Misato seemed to know it. "I only kept it up because I thought that's the only way he'd give a damn, and he still never noticed, or even cared. Why would he? He was always busy with work and hardly ever home. Even after our parents split up and God knows why he got custody, I kept on smiling and pretending like some day, he'd notice. For a while I even thought that he might eventually see through the smile and come and comfort me and finally tell me that I didn't have to pretend anymore. Some days, I can't even figure out why my dad even wanted children, let alone why he even bothered keeping custody of me. And then he did what has to be both the most selfless and yet most selfish thing I have ever known."

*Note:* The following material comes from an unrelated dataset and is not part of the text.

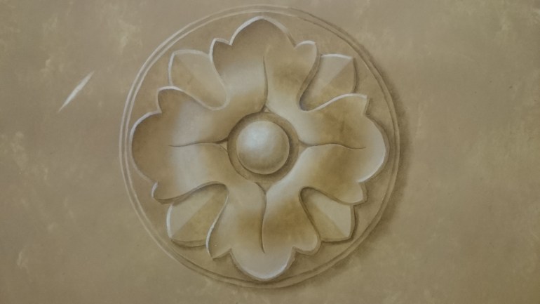 Allt är klart och endast skuggor kvarstår för imitationen. Linjer ritades med akvarellpennor för att lätt försvinna när jag målar över dem. Blomman ritade jag upp genom att först ha den på ett papper som mall. På baksidan av pappret penslades kritvatten på och efter torkning sattes den upp med tejp på önskad plats och jag ritade då längs alla linjer med en penna så att motsvarande, torkade kritmängd på baksidan av pappret utgjorde samma linjer på kalkstenen.

"He spared your life. How was that selfish?"

"He was probably just being a good father, but I think it was also his way of trying to weasel his way out of years of neglect. He was basically trying to apologize."

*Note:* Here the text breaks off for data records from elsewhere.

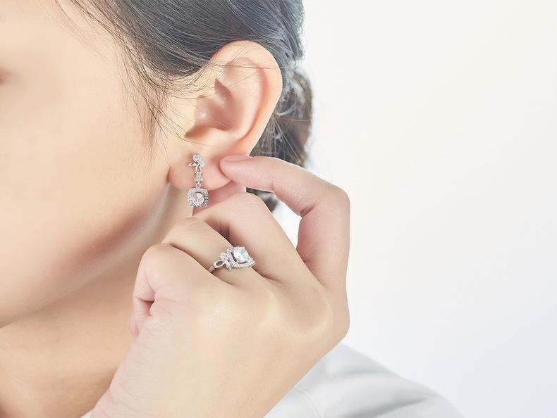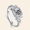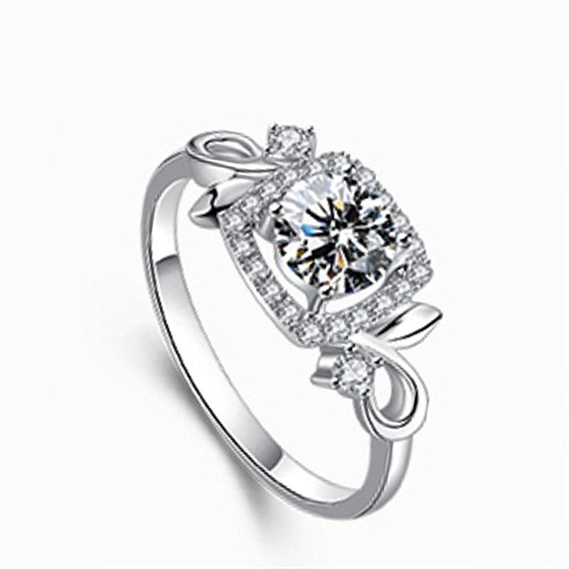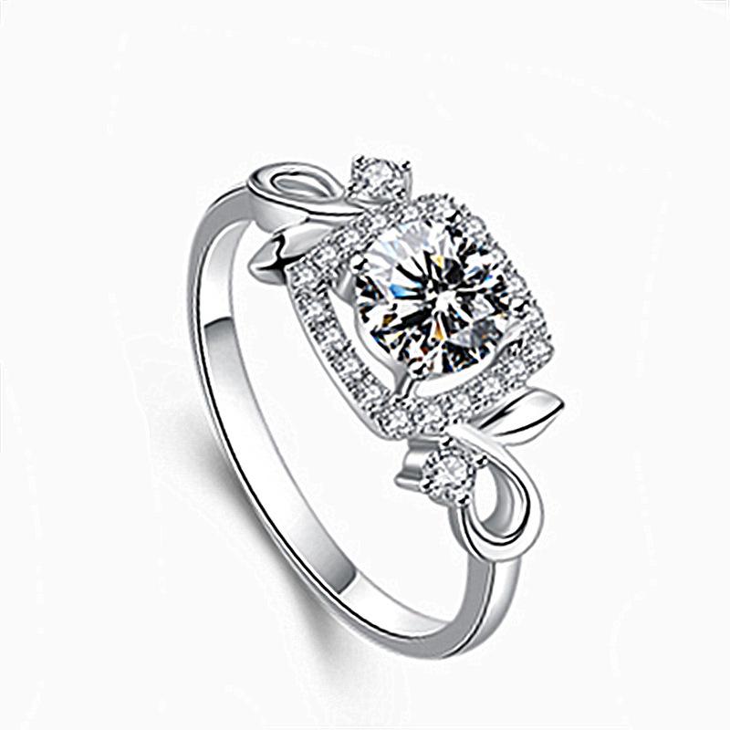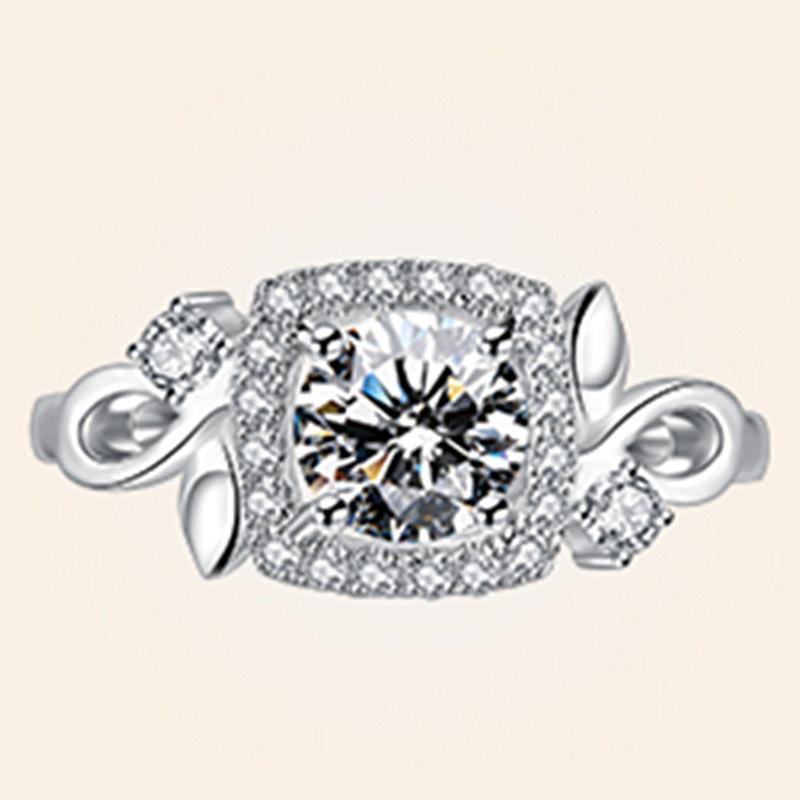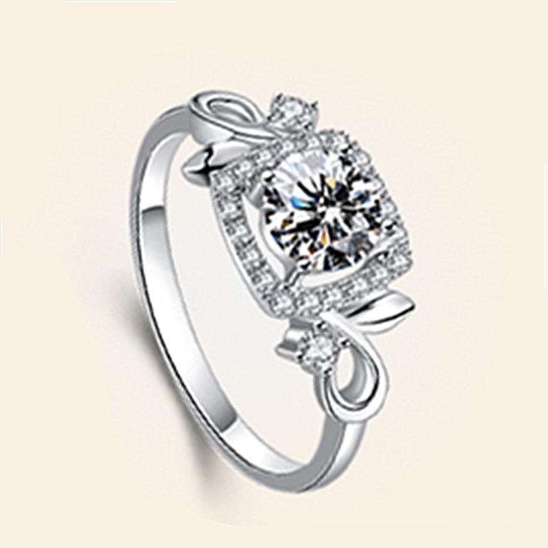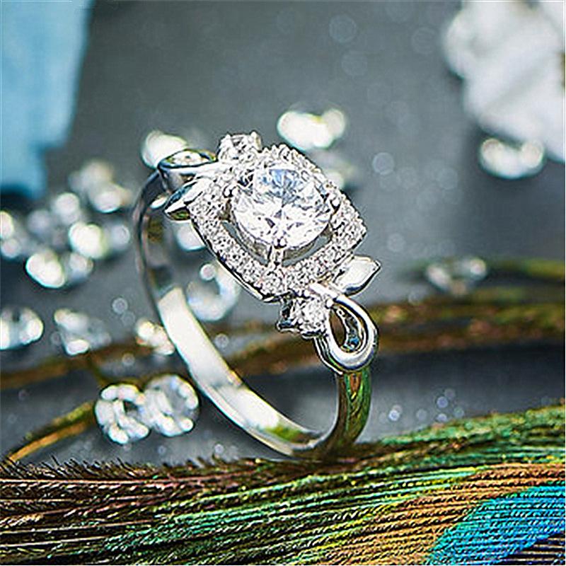 Versión coreana de anillo plateado anillo distintivo lujo ligero atractivo anillo de flor y hoja apertura anillo de diamante anillo de boda puesto venta al por mayor
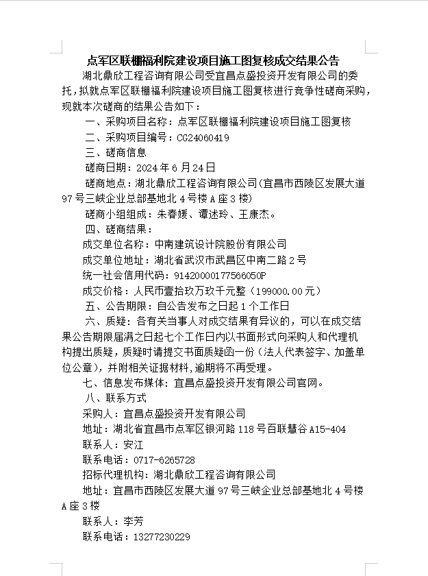 點軍區聯棚福利院建設項目施工圖復核成交結果公告
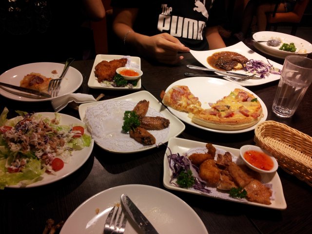 呢都环境都唔错,睇落都几舒服,不过过来吃嘢噶人似乎真系唔多。虽然话系西餐厅,但系出品感觉就好似快餐咁,基本都系好普通噶嘢。金枪鱼披萨,饼底真系几厚吓,而且味道唔够,一D都唔好吃呢;鸡蛋烟肉意粉,意粉比较幼,虽然滑但系唔够爽,意粉的酱汁味道好一般,口感麻麻地;水果沙拉,水果唔够新鲜,沙拉酱都唔多掂当。查看更多
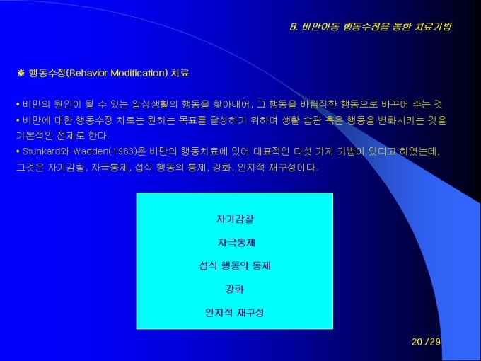 9.비만아동 행동수정을 통한 치료기법
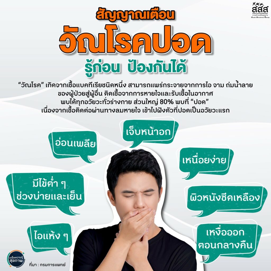 สำนักงานกองทุนสนับสนุนการสร้างเสริมสุขภาพ แจ้งเตือนสัญญาณเตือนวัณโรคปอด รู้ก่อน ป้องกันได้ วัณโรค เกิดจากเชื้อแบคทีเรียชนิดหนึ่ง สามารถแพร่กระจายจากการไอ จาม ถ่มน้ำลาย ของผู้ป่วยสู่ผู้อื่น ติดเชื้อจากการหายใจและรับเชื้อในอากาศ พบได้ทุกอวัยวะทั่วร่างกาย ส่วนใหญ่ 80% พบที่ปอด เนื่องจากเชื้อติดต่อผ่านทางลมหายใจ เข้าไปฝังตัวที่ปอดเป็นอวัยวะแรก
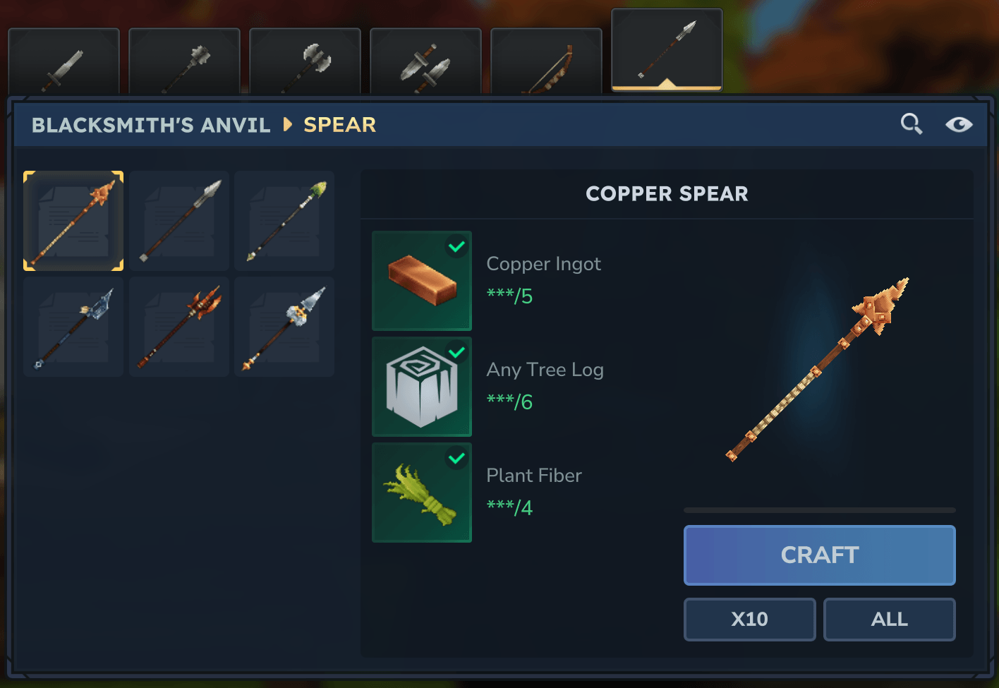 - Spears now have their own tab in the Blacksmith Anvil Workbench.

Shinji looked mildly confused at this. "Isn't that what you wanted, though? To be noticed?"

"I did, but it was just too little too late, you know? Plus, how can he notice me if he's dead? It was a hollow apology at best." The years of pent-up anger and resentment had finally surfaced, and were it the real Misato it could have very well been that she had been given a long overdue relief of burden. "I honestly question if he thought I'd be better off alive."

"Well, for what it's worth, I'M glad that you lived." Shinji commented. Then he smirked a bit. "And you sort of turned out like your father anyway." Misato cocked her head as though she had been insulted. "You became responsible. Maybe not always anal and strict, but definitely a respectable adult."

Misato's annoyed frown had transformed into a little smirk, as if an inside joke had just played out between them. "Point taken."

"So then what did Kaji do to you? Did you feel like he ignored you, too?"

"Yes and no. On the contrary, he gave me all the attention I could ever want. I...suppose this is a little bit more detail than you care to hear, but I was pretty wild in college. That was when I first got into beer. I did it all; hard drinking, parties every weekend, every drug conceivable, I even tried smoking cigarettes with Rits for a while, but I couldn't stand that shit." She stuck her tongue out in disgust to emphasize her point. Then her body language shifted as though a more uncomfortable subject was coming to light. "But my particular specialty was that...I was kinda 'loose' in college."

A slight blush appeared on his face as it become clear where the conversation was headed. "You...slept around?"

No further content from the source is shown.